Binary operators: +, -, *, / (element-wise on tensors).

Statements
let result = @matmul(x, w)    // local binding
return softmax(result)         // return value
kv_write(cache, value)         // expression statement (side effect)

Compilation Pipeline

.manta source
  |  Parse (gotreesitter grammar)
  v
Syntax AST
  |  Semantic analysis (type check, scope, constraints)
  v
HIR -- source-oriented, fully typed, symbolic shapes
  |
  v
MIR -- tensor-semantic operations (gather, matmul, softmax, ...)
  |
  v
LIR -- scheduled plan: buffers, kernels, schedule hints, storage classes
  |
  v
.mll artifact -- backend-neutral plan with CUDA, Metal, Vulkan, DirectML, and WebGPU kernel variants
Intermediate representations

HIR preserves source structure with full type information. Parameters carry binding paths, entry points distinguish kernels from pipelines, types include symbolic shape dimensions.

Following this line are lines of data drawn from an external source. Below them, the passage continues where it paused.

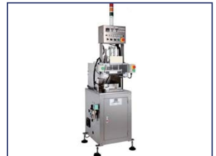
LT-10M Semiautomatic vent strip leak test machine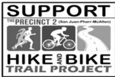
hike and bike logo.jpg 83 KB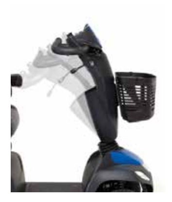
Finite tiller movement

Easily adjustable tiller with stepless adjustments designed steering to enhance steering control. This coupled with the new head tube angle of 70 degrees, help to give more responsive steering control.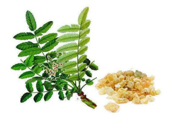
Fig. 1: Boswellia serrata

Plants and plant products have provided humans with food, shelter, clothes, flavourings, scents, and vital components for medicines from the beginning of time. There has been significant use of natural resins in this regard. As coating materials, adhesives, ingredients in cosmetic preparations, scents in everyday rituals and religious rites, and for a variety of medicinal reasons, they have also been put to use. The ancient Hindus, Babylonians, Persians, Romans, Chinese, and Greeks, as well as the ancient Americans, used natural resins primarily for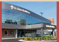
245 Flemingsburg Road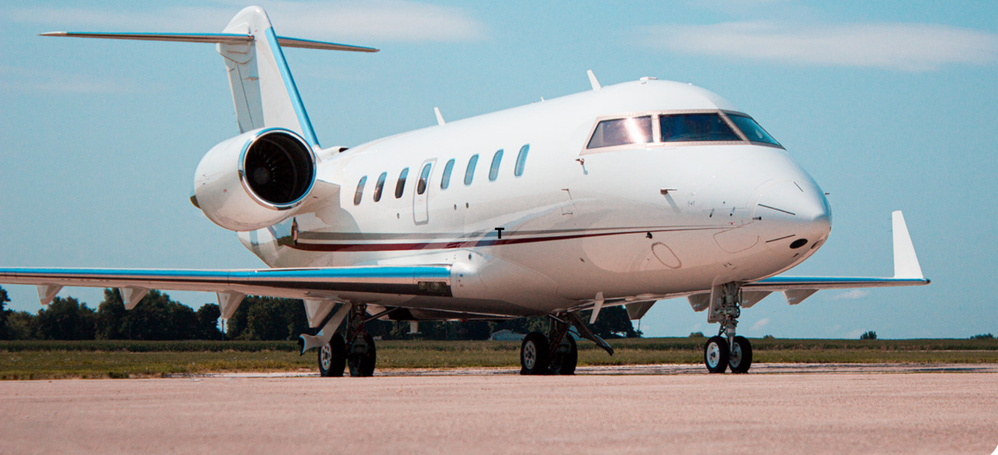
2017 BOMBARDIER CHALLENGER 650

MIR classifies operations semantically: gather, matmul, softmax, rope, kv_read, kv_write, kernel_call, pointwise, reduce, dequant. Backend-neutral.

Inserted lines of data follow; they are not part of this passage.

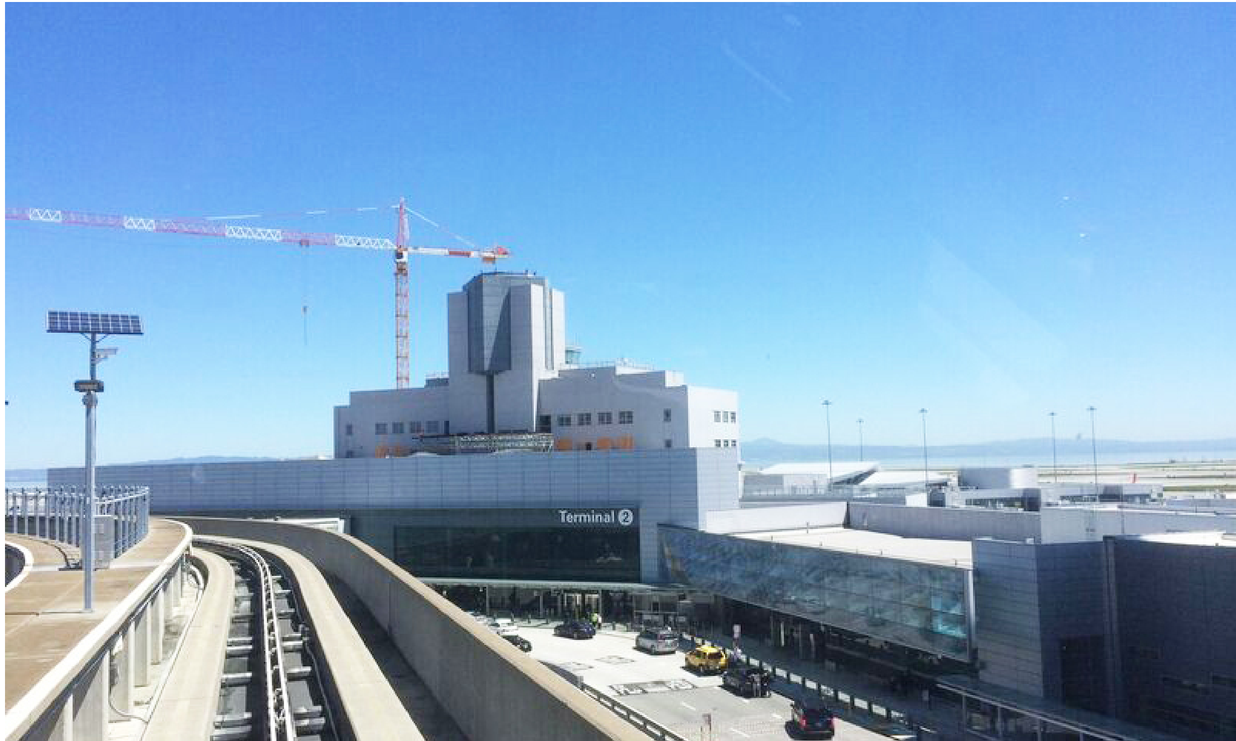
Existing Building to be Demolished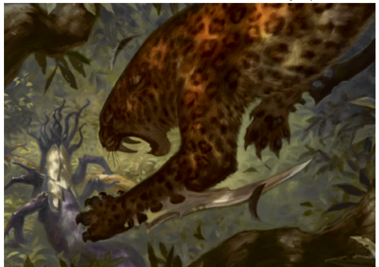
Scythe Leopard ▶ Winona Nelson

Timbermaws dwell in the hollow trunks of strange floating trees, emerging with deadly speed when prey wanders near. (The grick statistics can represent a timbermaw, adjusting its stone camouflage trait to hide it in the woodlands.) And at least two varieties of great cat (similar to the saber-toothed tiger ) sport enormous blades jutting back from the forelegs, which help them cut through heavy undergrowth and take down much larger prey.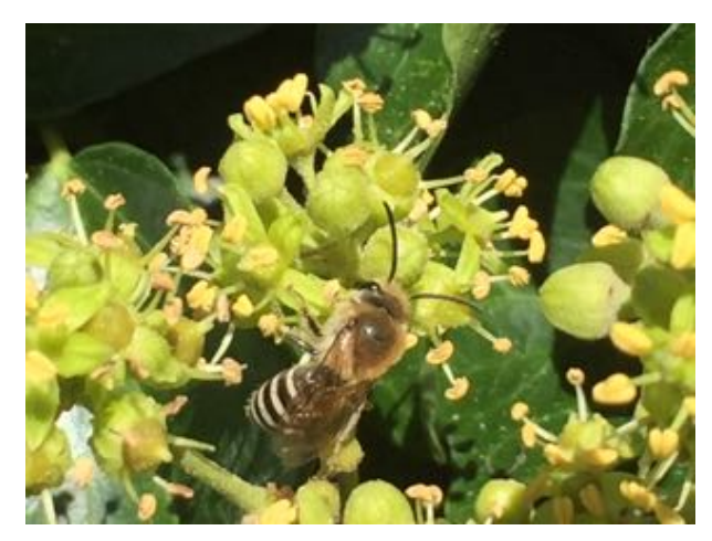
Ivy bee on ivy blooms.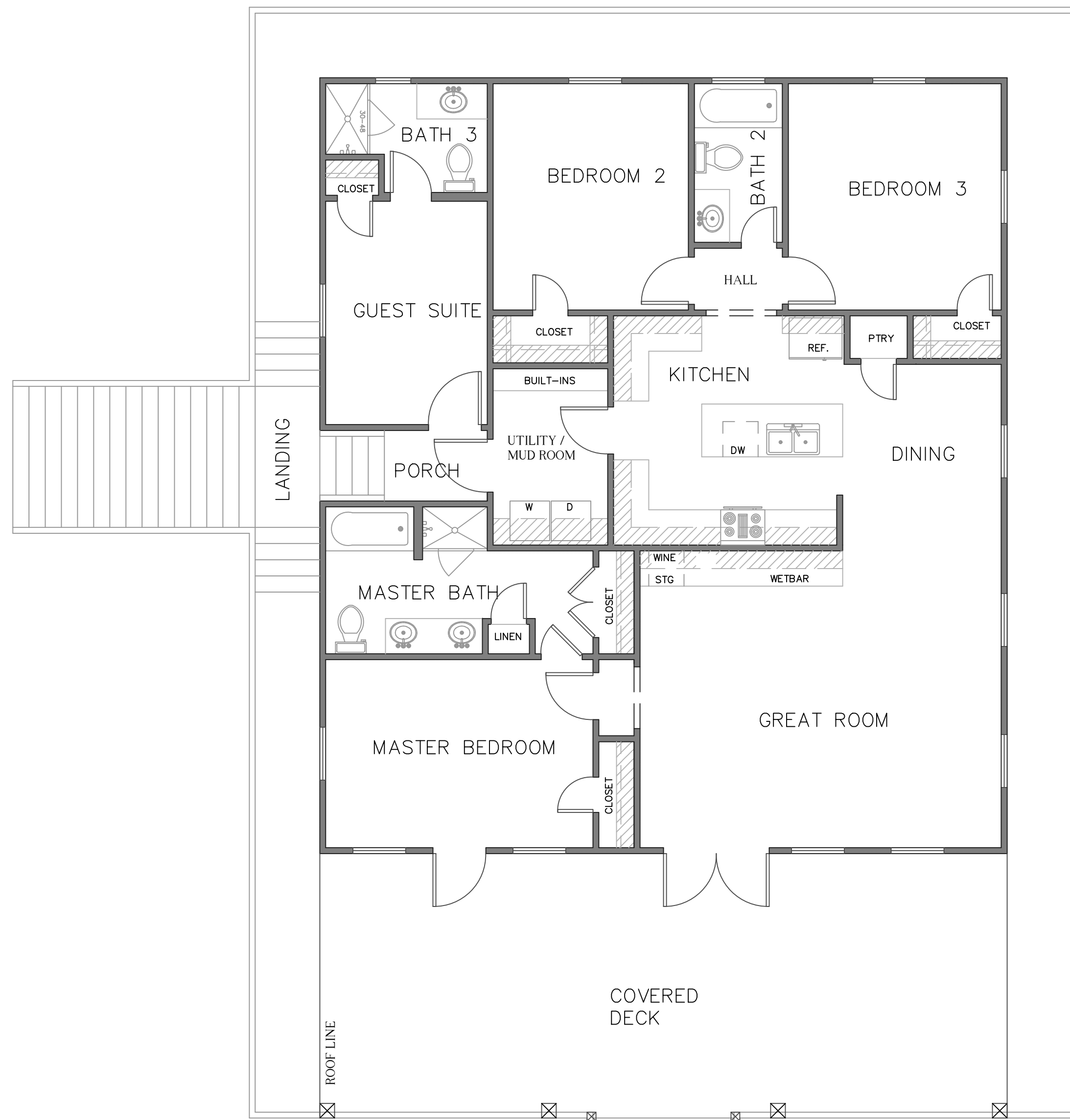
1ST LEVEL PLAN

AREA LIVING— 1716 SQ FT DECK— 3098 SQ FT STORAGE— 590 SQ FT ENCLOSED— 384 SQ FT WIDTH: 39' DEPTH: 44' (EXCLUDING DECK)

LIR is a scheduled execution plan. Buffers have storage classes (device_local, host_visible, unified). Kernels have schedule hints (tile, vector_width, subgroup, memory). All concepts are backend-neutral -- tile not blockDim, subgroup not warp.

Schedule hints

Hints guide backend-specific lowering without leaking backend concepts into the IR:

Operation Tile Vector Width Subgroup Memory
softmax [64] 1 yes workgroup_local
normalize [128] 4 yes workgroup_local
rope [128] 2 yes --
binary ops [128] 4 -- --

These map to thread blocks, threadgroups, workgroups, or backend graph dispatches at the backend level.

Artifact Format

The .mll artifact carries a Manta execution plan:

{
  "version": "manta/v0alpha1",
  "name": "tiny_embed",
  "params": [{"name": "token_embedding", "binding": "weights/token_embedding", ...}],
  "entry_points": [{"name": "embed", "kind": "pipeline", ...}],
  "requirements": {"supported_backends": ["cuda", "metal", "vulkan", "directml", "webgpu"]},
  "buffers": [{"name": "hidden", "dtype": "f16", "storage_class": "device_local", ...}],
  "kernels": [{"name": "l2_normalize", "variants": [
    {"backend": "cuda", "entry": "l2_normalize_cuda", "source": "..."},
    {"backend": "metal", "entry": "l2_normalize_metal", "source": "..."},
    {"backend": "vulkan", "entry": "l2_normalize_vulkan", "source": "..."},
    {"backend": "directml", "entry": "l2_normalize_directml", "source": "..."},
    {"backend": "webgpu", "entry": "l2_normalize_webgpu", "source": "..."}
  ], ...}],
  "steps": [
    {"kind": "gather", "inputs": ["token_embedding", "tokens"], "outputs": ["hidden"]},
    {"kind": "matmul", "inputs": ["hidden", "projection"], "outputs": ["projected"]},
    {"kind": "launch_kernel", "kernel": "l2_normalize", "inputs": ["projected"], "outputs": ["result"]},
    {"kind": "return", "outputs": ["embeddings"]}
  ]
}

Artifacts are validated on load: all referenced buffers, kernels, and entry points must exist, I/O flows must be consistent, and kernel variants must be present for all declared backends.

Runtime

Loading and executing
import (
    mantaartifact "github.com/odvcencio/manta/artifact/manta"
    "github.com/odvcencio/manta/runtime"
    "github.com/odvcencio/manta/runtime/backend"
    "github.com/odvcencio/manta/runtime/backends/cuda"
    "github.com/odvcencio/manta/runtime/backends/directml"
    "github.com/odvcencio/manta/runtime/backends/metal"
    "github.com/odvcencio/manta/runtime/backends/vulkan"
    "github.com/odvcencio/manta/runtime/backends/webgpu"
)

rt := runtime.New(cuda.New(), metal.New(), vulkan.New(), directml.New(), webgpu.New())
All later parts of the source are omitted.